A cronologia descoberta pelo estudo descarta a versão de que a Copa do Mundo teria sido o vetor do zika, mas abre a possibilidade para a Copa das Confederações. Até porque o torneio, disputado em junho de 2013, teve a participação da seleção do Taiti, um dos locais que mais sofreram com o zika naquele ano. E os taitianos fizeram uma partida em Recife, uma das cidades que mais sofrem com a epidemia. No entanto, o surto da doença na Polinésia Francesa ocorreu do final de 2013, depois da realização do torneio de futebol.
Por isso, os pesquisadores tratam como improvável que o vírus tenha entrado no Brasil durante a Copa das Confederações. Para eles, a maior chance é que o zika foi transmitido a partir de um turista comum. Entre o segundo semestre de 2013 e o começo de 2014, houve um aumento de 50% no número de visitantes de regiões afetadas pelo zika em relação aos 12 meses anteriores. Só das Filipinas, foram mais de mil visitantes mensais em 2013. A pesquisa não tem dados suficientes do vírus filipino, mas aprofundar as análises genéticas e cruzar com dados de voos e cruzeiros com esses turistas pode apontar os prováveis pontos de entrada da doença em solo brasileiro.

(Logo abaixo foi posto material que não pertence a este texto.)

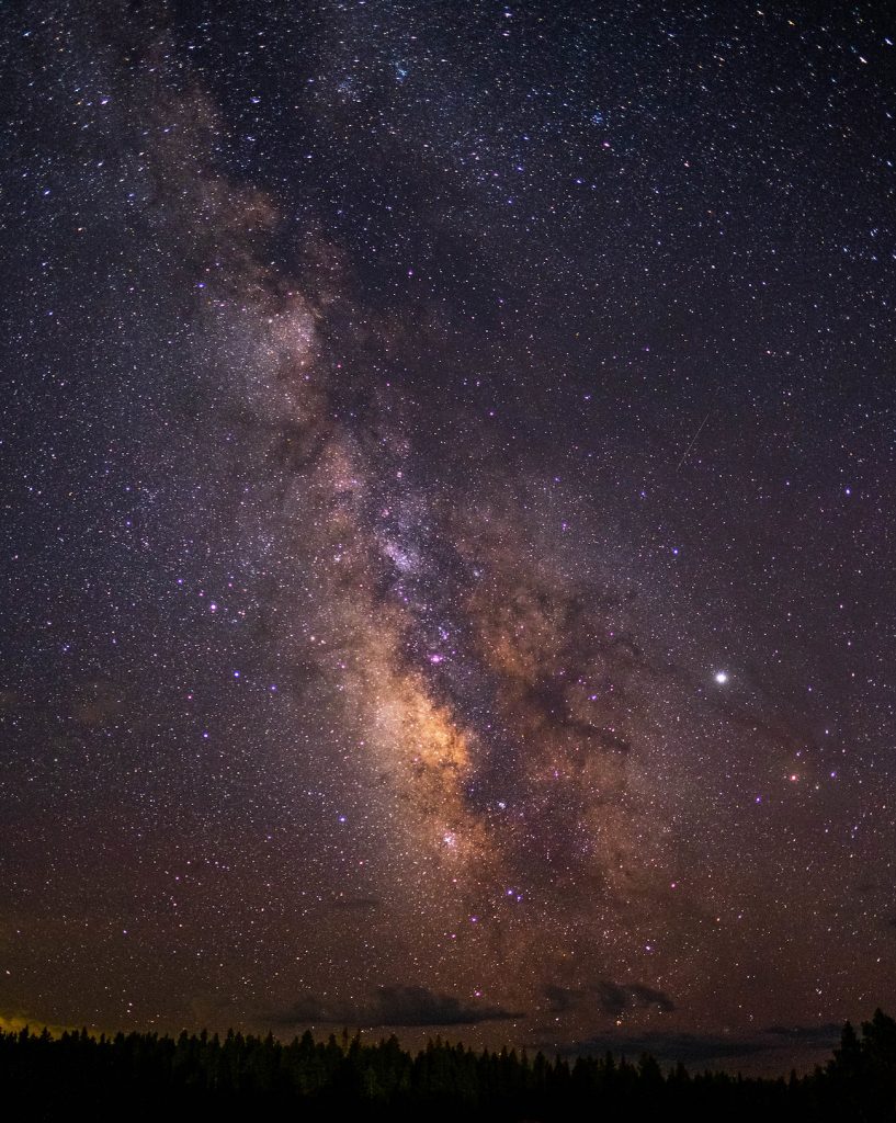 Imagen de la Vía Láctea obtenida la noche del miércoles, 21 de agosto de 2019, desde Leadville en el estado de Colorado, Estados Unidos. Júpiter y Antares son visibles a la derecha de la Vía Láctea; la imagen es una sola exposición de 15 segundos y 1600 de ISO; se utilizó una cámara Fujifilm X-T3 a 16mm de distancia focal y f/1,6 de apertura.
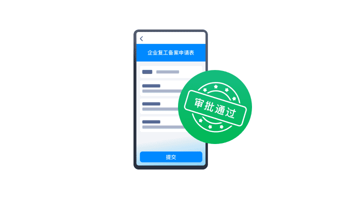 政府復(fù)工備案企業(yè)在線提交復(fù)工申請(qǐng)表,政府統(tǒng)一審核,復(fù)工更高效。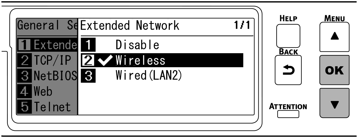 pour sélectionner [Wireless (Sans fil)], et appuyez sur «OK».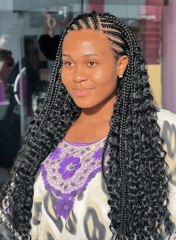 Try out the charming combination of half cornrows and half weave for a chic vacation look. Long wavy curls beautifully complement the front cornrows, adding to their allure. This stunning style is a hit on Instagram too. Simply divide your natural hair from ear to ear as with most hairstyles. Secure the front section with clips or ties, then braid the back section only. Finish by tucking the braid ends and applying hair extensions or a wig for added flair.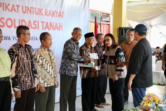 Turut mendampingi Menteri Nusron dalam penyerahan sertipikat ini, Staf Khusus Bidang Komunikasi Strategis dan Kerja Sama Antarlembaga, Muda Saleh; Kepala Biro Hubungan Masyarakat, Harison Mocodompis; Direktur Konsolidasi Tanah dan Pengembangan Pertanahan, Trias Wiriahadi; serta Kepala Kantor Wilayah BPN Provinsi D.I. Yogyakarta, Dony Erwan Brilianto beserta jajaran. (AR/RT/F-R)

As informações tiram o zika da lista de legados negativo da Copa do Mundo do Brasil, e isso é importante. Não pelo evento esportivo em si – ainda mais porque o Rio de Janeiro sediará outro em agosto, os Jogos Olímpicos –, mas porque dá mais elementos para compreender onde e como a doença chegou ao País e quanto tempo levou para o primeiro caso se transformar em epidemia. Um dado fundamental para o desenvolvimento de vacinas e futuras políticas de saúde pública para controle dos vetores de transmissão.